Beyond cystic fibrosis, the rare disease market could be Vertex Pharmaceuticals' oyster. The company has a drug candidate called VX-548 in phase 3 trials that is specifically designed to target a range of acute pain disorders. Notably, VX-548 is a non-opioid and the FDA has already approved it for "breakthrough therapy" and "fast track" designations for moderate to severe acute pain. Management identifies this addressable market as a multibillion-dollar opportunity. VX-548 is also being tested in people with diabetic peripheral neuropathy, another underserved space that could represent billions in revenue for the business if approved.  
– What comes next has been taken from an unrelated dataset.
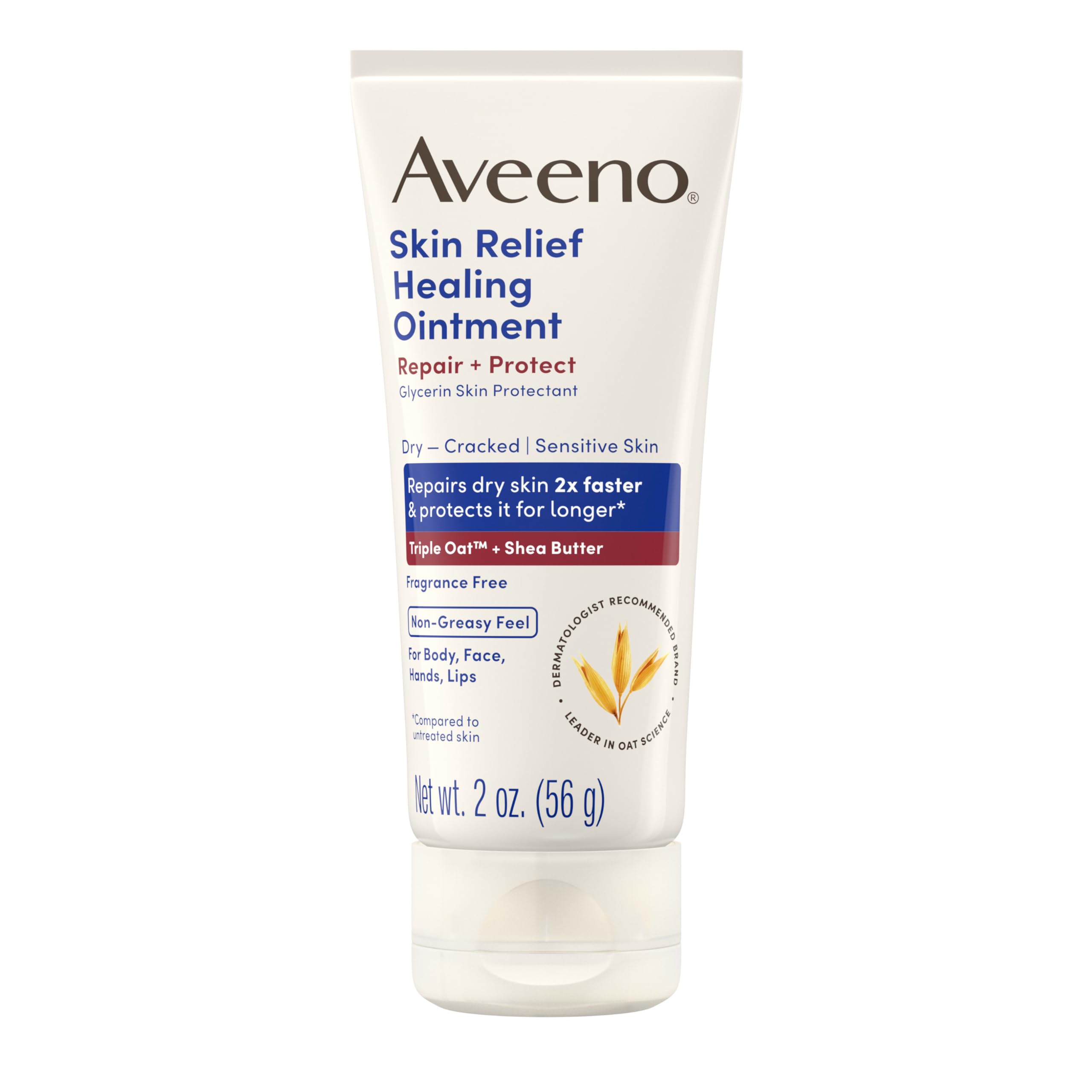 Help relieve chafed, chapped, or cracked skin with Aveeno Skin Relief Healing Ointment. This fragrance-free ointment and glycerin skin protectant repairs dry skin 2X faster and protects it for longer while helping protect from the drying effects of wind and cold weather. Formulated with a soothing Triple Oat complex, oat flour, oat oil, oat extract, plus shea butter and glycerin, this dry skin ointment is clinically proven to lock in moisture for up to 72 hours and to help strengthen the skin's natural moisture barrier. This skin healing ointment is non-greasy, fragrance-free, and suitable for sensitive skin. Suitable for day and night use, apply as needed to the body, face, hands, and lips. The Aveeno Skin Relief Ointment is allergy-tested and free from petroleum, lanolin, dyes, and parabens. From Aveeno, a dermatologist-recommended skin care brand and leader in oat science. compared to bare skinFrom the dermatologist-recommended skincare brand for over 70 years. Suitable for sensitive skin, this fragrance-free ointment provides 72 hours of long-lasting moisture and is allergy-tested and free of petroleum, lanolin, parabens, and dyes. Apply as needed, morning and night, for lasting hydration and protection. Specially formulated with a soothing Triple Oat Complex--oat flour, oat oil, and oat extract--plus shea butter and glycerin, this ointment for dry skin locks in intense moisture and helps strengthen the skin's natural moisture barrier. Helps prevent and temporarily protects and helps relieve chafed, chapped, or cracked skin and lips. This glycerin skin protectant has a non-greasy feel and repairs dry skin 2x faster and protects it for longer compared to bare skin. Travel size Aveeno Skin Relief Healing Ointment, 2 ounces with triple oat, shea butter, glycerin helps repair cracked, chapped extra dry skin with a non-greasy feel and protects it for longer compared to bare skin.

Another promising candidate in Vertex Pharmaceuticals' pipeline is VX-880, a stem-cell-based treatment for patients with type 1 diabetes. The goal is to develop a functional cure for type 1 diabetes, an achievement that, despite many advancements in treating this disease, would be the first of its kind. Bear in mind that there are more than 2.5 million individuals with type 1 diabetes in the U.S. and Europe alone.  

This profitable and steadily growing business is a prime example of a healthcare stock with a compelling growth story and tremendous untapped potential to explore. Investors may want to scoop up at least a few shares in the near future.